And today’s no exception. I’ve had a bunch of weird thoughts a-tumblin’ around in my head lately, so I decided to get them onto paper (computer) and out of me noggin.

Lucky you! So now it’s an official trilogy, separated by many, many, many months. (For reference, check out the first and second posts.) (If you dare! Maniacal laugh…maniacal laugh.)

Ooh, look! A bird!

1. I wish Shahs of Sunset was still on.

2. I think if I were single with no kids, I’d be in a lot better shape. ‘Cuz I really don’t care about food, and could be happy eating ground turkey with black beans pretty much every meal. It’s these darn Cheeze-Its and Tostitos and Easter candy that are to blame. (And for those of you who knew me before husband and children and would beg to differ, all I have to say is put a sock in it.)

3. Sometimes as I’m driving around, I’ll see a particular place and think, “If I were homeless, that’s be a good place to camp out.”

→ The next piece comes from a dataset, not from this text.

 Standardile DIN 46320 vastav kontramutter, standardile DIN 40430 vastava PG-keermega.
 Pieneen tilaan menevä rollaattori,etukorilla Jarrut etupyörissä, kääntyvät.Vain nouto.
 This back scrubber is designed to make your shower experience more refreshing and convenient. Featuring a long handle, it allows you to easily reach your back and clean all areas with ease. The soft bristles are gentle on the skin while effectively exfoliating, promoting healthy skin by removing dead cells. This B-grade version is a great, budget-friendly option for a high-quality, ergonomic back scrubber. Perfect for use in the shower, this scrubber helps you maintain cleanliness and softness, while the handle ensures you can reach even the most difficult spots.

4. Diet Coke is not the same as the European Coca-Cola Light and I miss it.

5. Actually, what I really miss is Pepsi Light that had the light lemon taste to it.

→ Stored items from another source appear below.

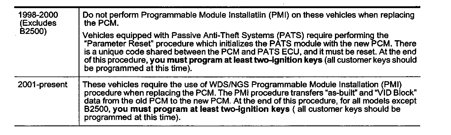 PCM replacement is done differently based on model year. Some vehicles require a Programmable Module Installation procedure (PMI). Other vehicles require "Parameter Reset" procedure. The table identifies which years each procedure applies to.
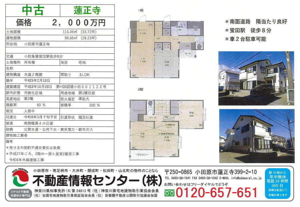 小田原市蓮正寺 中古戸建て 小田急線蛍田駅徒歩10分以内
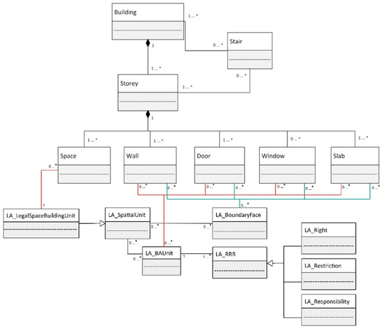 The main idea for this paper was developed by L.K.; J.S. (Johannes Scholz) and M.M. Major parts have been written by L.K., who also did revisions, tables and coordination between all authors. J.S. (Johannes Scholz) contributed his knowledge on production environments and graph-based models in Section 2.2 and Section 4.3, sketched the final UML model of the core model and revised all other sections. B.V., M.M. and J.S. (Josef Strobl) gave advice about the paper structure, the extraction of the data and on the models and die major revisions on all sections. B.V. and C.A. contributed to the discussions on the intermediate models and worked on some of the figures. A.R. and B.A. contributed their sophisticated knowledge on 3D cadasters and provided the second use-case (Section 4.4.) as well as the UML model of their extension. All authors did revisions and checking of all sections.
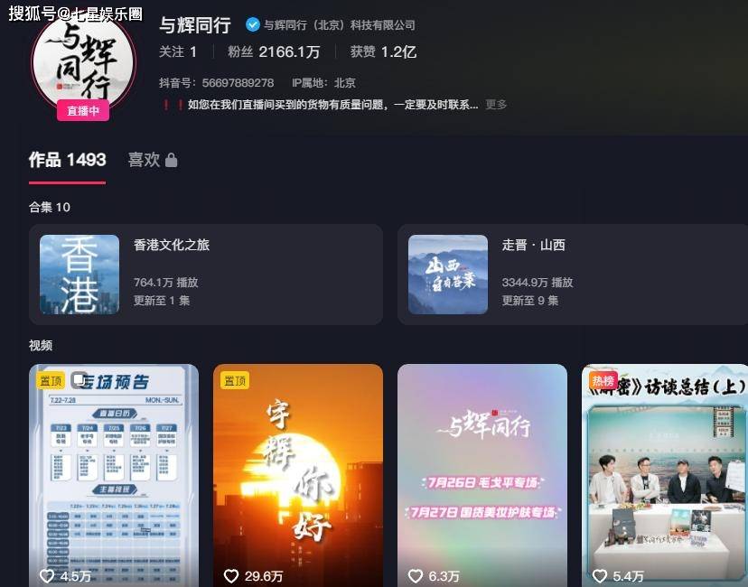 当天晚上7点钟左右,与辉同行的抖音号粉丝数2149.5万;到了晚上11:50分,与辉同行粉丝数量已经达到2166.6万。当晚涨粉超过10万。
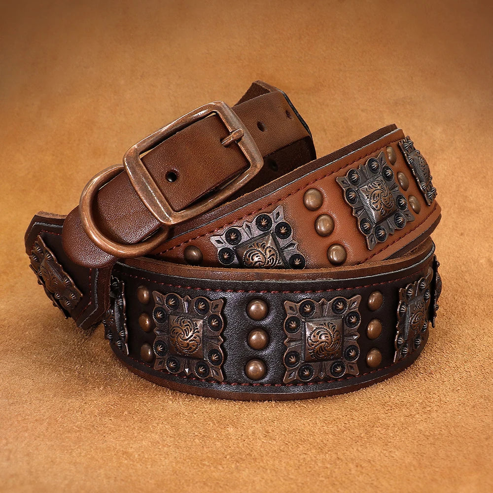 Luxury Genuine Leather Dog Collar for Big Dogs Wide Real Leather Dog Collars For Medium Large Dogs Pitbull German Shepherd
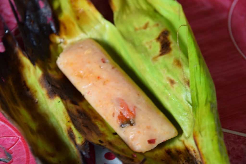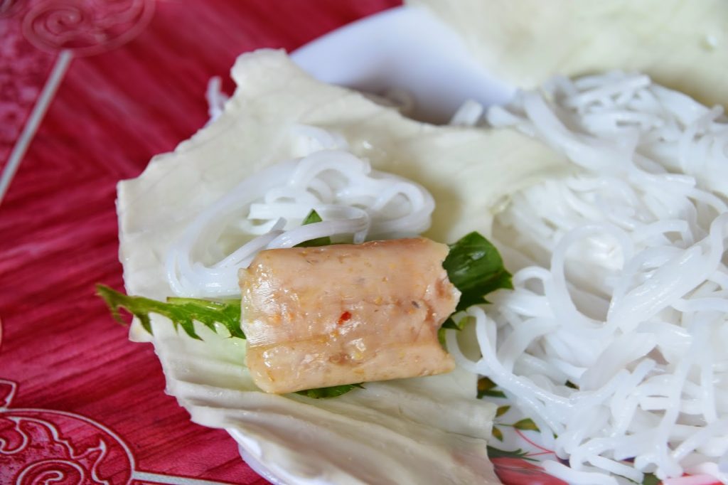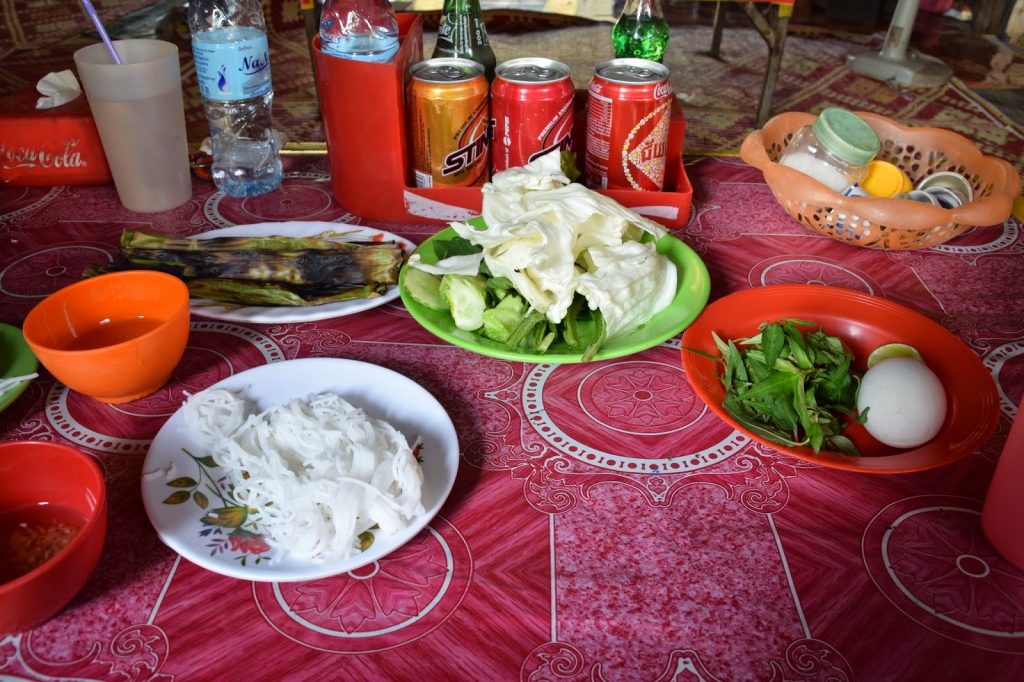Bei dem Fisch musste man aufpassen, denn es handelte sich nicht um ganze Fischstücke, sondern eher um eine Art gedünsteten Fischcake, d.h. der Fisch war zerkleinert und mit Gewürzen zu einer Paste vermengt worden. Neben den Gewürzen wurden aber auch recht große Stücke Chilischote eingearbeitet. Die habe ich auf Empfehlung meines Guides vorsichtig rausgeholt, bevor ich meine Frühlingsrollen gerollt habe.

6. I’m really into navy and white this spring, with turquoise accents.

7.  Back in the 90s, everyone took pictures doing what we called the “sorority squat.” Every girl would semi-squat down and put their hands on their knees. Every single college picture I have is this way, and a lot post-college too. Five girls, in a row, all squatting for no reason. Lots of sky in our pictures. I’ve noticed the new posing trend is the Paris-Hilton-hand-on-hip-shoulder-back pose. It’s much more flattering. I could have benefitted from this back in college. Where was Paris when I was in college? Oh that’s right. Fifth grade.

8. I’d like to have a dinner party with Will Arnett and Christina Applegate. But they couldn’t be themselves, they’d have to act as their characters on Up All Night. I’d have to make a crock-pot meal, ‘cuz that’s all I’m really good at making. And I couldn’t guarantee many side dishes. I’d actually probably ask them to bring dessert. But after dinner we’d dance to the Beastie Boys. No sleep ’til Brooklyn, baby.

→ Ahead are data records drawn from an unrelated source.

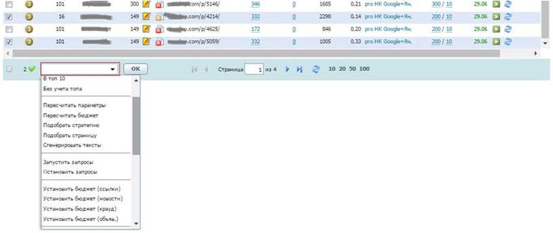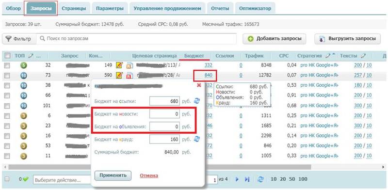 Изменению подвергаются значения ТОП, Бюджет и Стратегия. О бюджете и стратегии подробнее будет ниже.
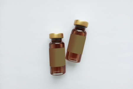 The vaccine comes in a brown glass jar with a brown label. white background.
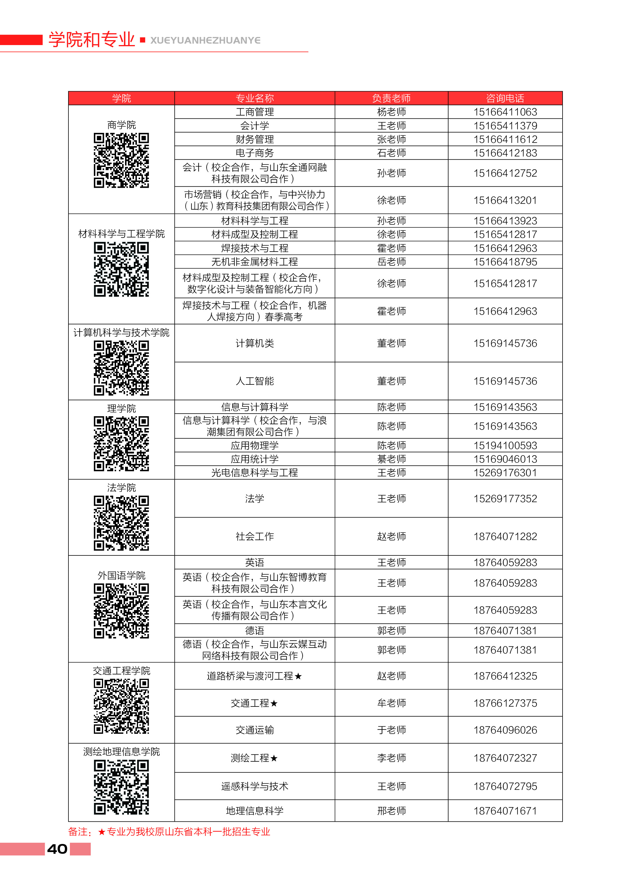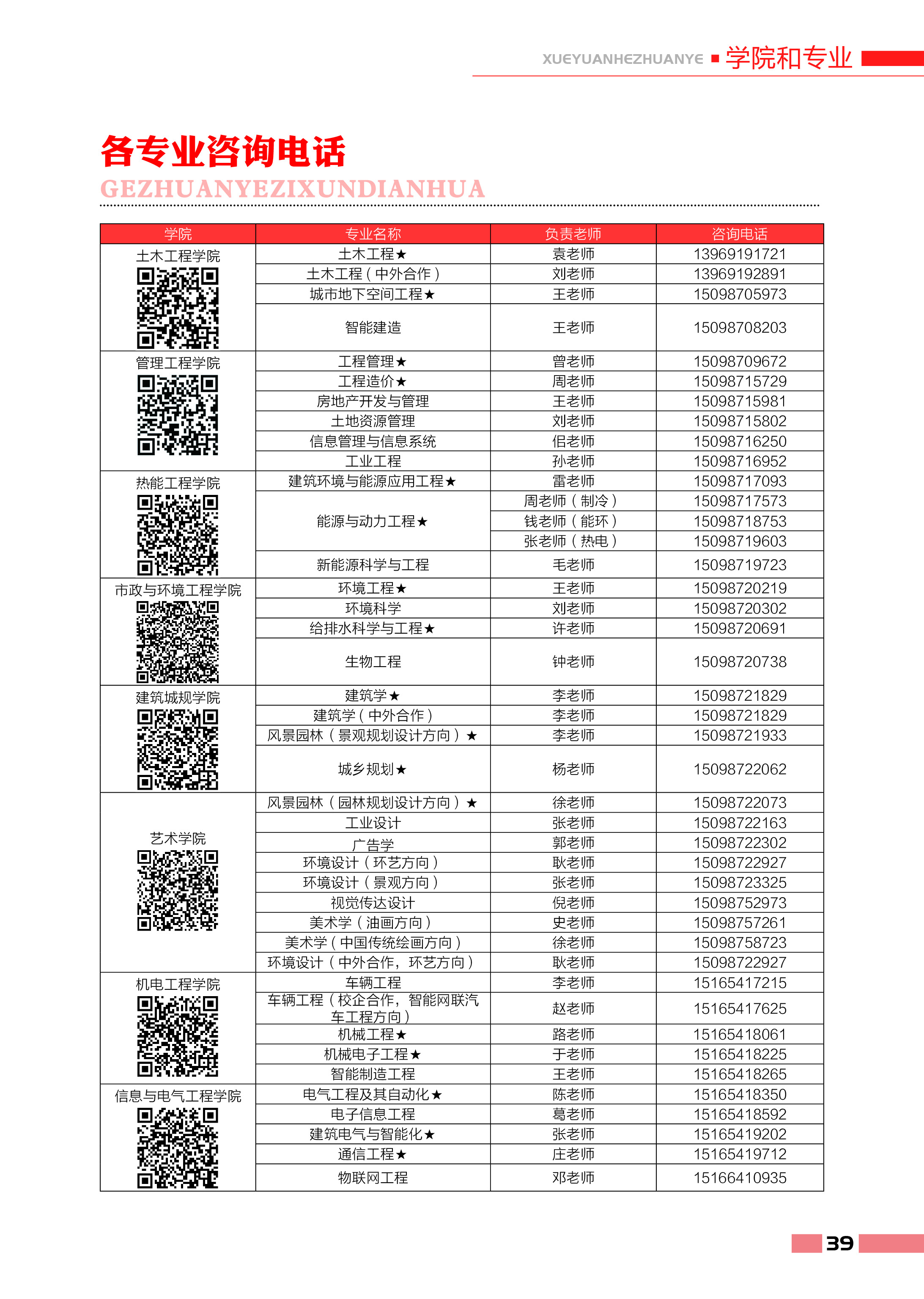 各专业咨询电话
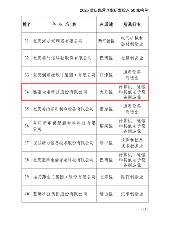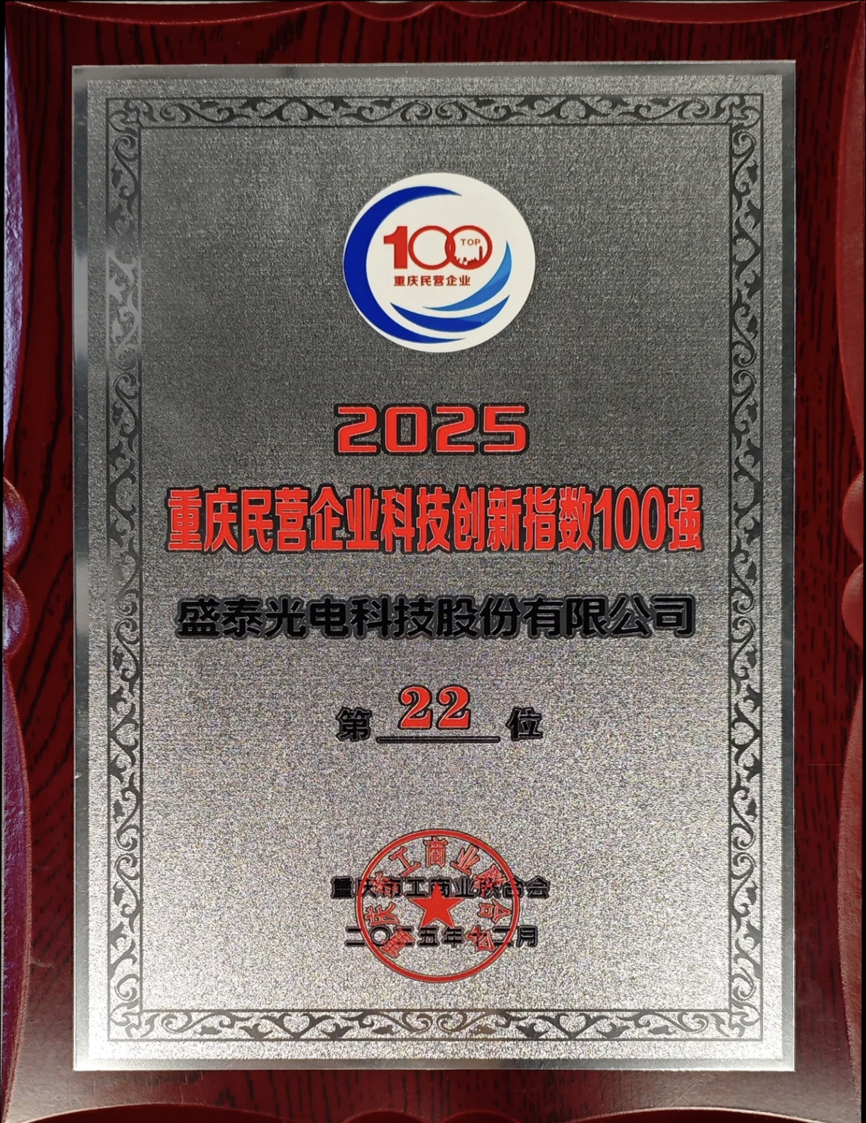 盛泰光电上榜“2025重庆民营企业科技创新指数100强”

9. I’d like an 8 x 10 of Will Farrell’s face on my desk, so I could laugh on demand.

10. My daughter has started taking after me in the randomocity department.

This makes me happy on so many levels. And it’s one of my favorite words, too, honey. Mine too.

11. At a little boutique the other day, I was admiring a shirt and feeling a little proud of myself and the teeny-tiny-not-really-noticable changes this plan I’m on has made. When suddenly, out of nowhere, a petite little thing came over with her boyfriend. She pointed out a shirt, oohing and ahhhing over how adorable it was. Then she said, “Oh shoot, it only comes in a small, and they don’t have anything smaller.” I had an Ally McBeal moment where I imagined force-feeding her lasagna, garlic bread and cake. Because really, my actual skeleton would never be able to wear smaller than a small. I’d be six feet under for years before a small would be remotely close to comfortable. So I’ll take self-esteem for $800, Alex. And a pizza.

Do you feel more normal now? Surely you’ve got some randomness you can share to help us all feel a little less crazy. (Alright, fine. To make ME feel a little less crazy.)

Ooh, look! A Shahs rerun!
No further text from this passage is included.